This is precisely what has been occurring in America politics with the rise of the administrative state. Constituted by a huge, unelected and virtually unchecked bureaucracy that sits atop the two houses of Congress—and even perhaps atop the office of the presidency and everything else in Washington—the administrative state is like Mr. Bear Squash-You-All-Flat, who sits on and destroys the houses of smaller animals in the forest.[1]

Most critics of the administrative state agree on the problem: bureaucratic government is fundamentally inconsistent with the rule of law and the safeguarding of individual rights and liberties. Yet this bureaucracy has amassed a colossal extent of power in the United States, both politically and psychologically. When did this begin? How did it happen, what are the essential causes? Is there a remedy, and if so, of what does it consist?

There is no consensus among the critics of the administrative state on the answers to these questions. Must we despair, then, of rescue from this cold gray spirit that permeates our society, and which, according to Max Weber, will ultimately lead to a “polar night of icy darkness”?

Marini, more than many critics of the administrative state, has emphasized how Congress has abdicated its responsibility to legislate. Since the Progressive Era in particular, Congress—including members of both major political parties—has gradually and willingly handed power over to the bureaucracy, thereby undermining its constitutional responsibilities and severely damaging the nexus between the sovereign people and their elected representatives.

For many years now, Marini’s writings have led the way for others to contribute to the important critical work of assessing modern administrative government. As Marini lays out in his Liberty Forum essay and elsewhere, the 20th century Progressive movement, and especially its tutelage under Woodrow Wilson, sought to establish rationalized, administrative government in America, which Wilson and his followers fully understood meant destroying the Madisonian apparatus of separation of powers and its concomitant system of checks and balances.

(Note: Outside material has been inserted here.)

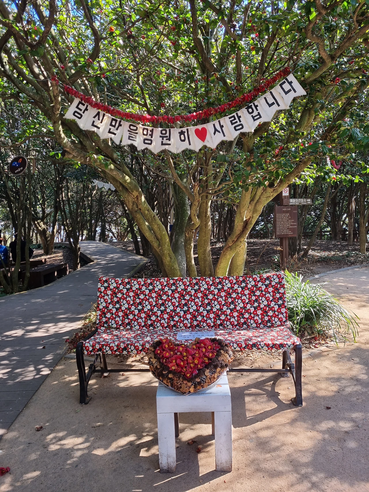 오동도. 멀리서 섬을 바라보면 그 모양이 오동잎처럼 생겨서 그리 불렸다고 한다. 하지만 오동도가 유명한 이유는 따로 있다. 바로 수천그루의 동백나무. 섬을 가득히 채운 동백나무들이 매년 1월에서부터 3월까지 섬을 붉은 꽃바다로 만든다. 나무 데크길을 따라 걸으며 멀리 파란 바다를 보고 붉은 동백꽃도 보았다. 빽빽히 들어선 나뭇잎들 사이사이로 햇살이 스며들었다. 만개해 바닥에 툭툭 떨어진 동백꽃들이 낙엽 깔린 바닥에 흩어져 있었다. 앞서 간 누군가는 떨어진 동백꽃들을 모아서 하트를 만들어 두었다.

Marini’s point is not only that constitutional government cannot be restored without restoring the practice of separation of powers, but that separation of powers cannot be restored unless Congress reclaims its primary task of legislating for the American public. This would require a sea-change in attitude for many congressmen and women, who for years now have been complicit with the other two branches in undermining the separation of powers on behalf of the advancement of the administrative state. As such, although Marini is not without hope, his sanguinity is probably more guarded than even the cautious Christopher DeMuth (see his 2015 Liberty Forum essay), and certainly less enthusiastic than the populist buoyancy expressed by Charles Murray in his latest work, By the People: Rebuilding Liberty Without Permission.

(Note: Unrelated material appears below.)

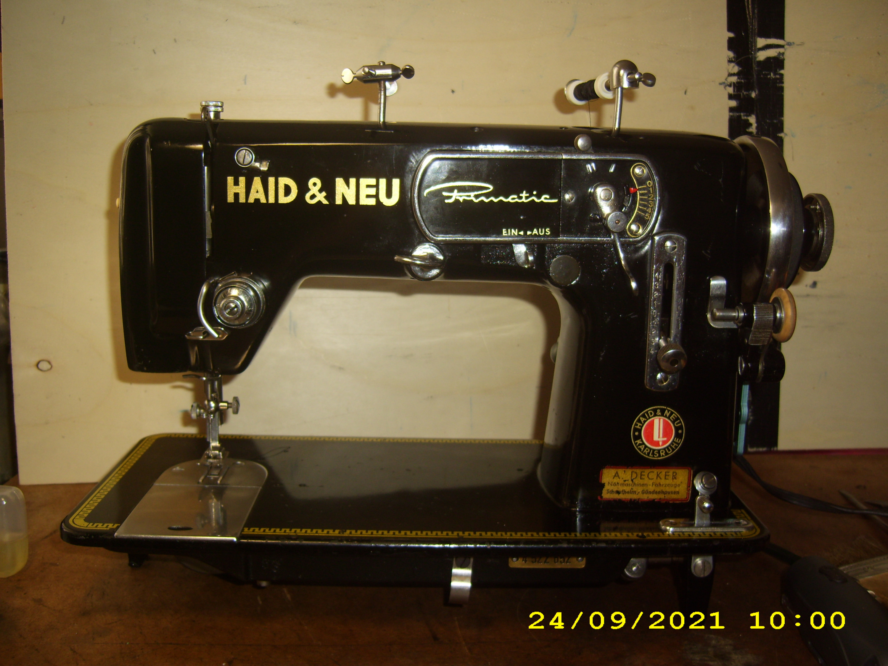 Hier sehen sie eine schablonengesteuerte Automatik-Haushaltsnähmaschine aus dem Hause Haid & Neu Primatic.

DeMuth may well be correct to argue that educational, economic, and technological improvements have increased the demand for a greater degree and range of government policymaking, at the same time that government’s ability to meet these demands has grown. When this is combined with the decline in congressional hierarchies that once disciplined and set practical limits on legislators’ practicable policy horizons, it is not surprising to witness the advent and growth of specialized legislation that substantially expands the scope and reach of government into the lives of individual citizens, business, and society. Further, according to DeMuth, technological advances, particularly in the realm of communications, have combined with the secularization and atomization of morality, society, and politics in such a way as to transform Americans’ expectations to demand results that the executive power is prepared to deliver, and which puts legislative representative institutions at a substantial disadvantage.

This has led to an unchecked executive and a corrupt, unresponsive government whose defects are largely responsible for the election of Donald Trump and the upheaval that may ultimately result in a revival of constitutionalism and return to the practice of separation of powers.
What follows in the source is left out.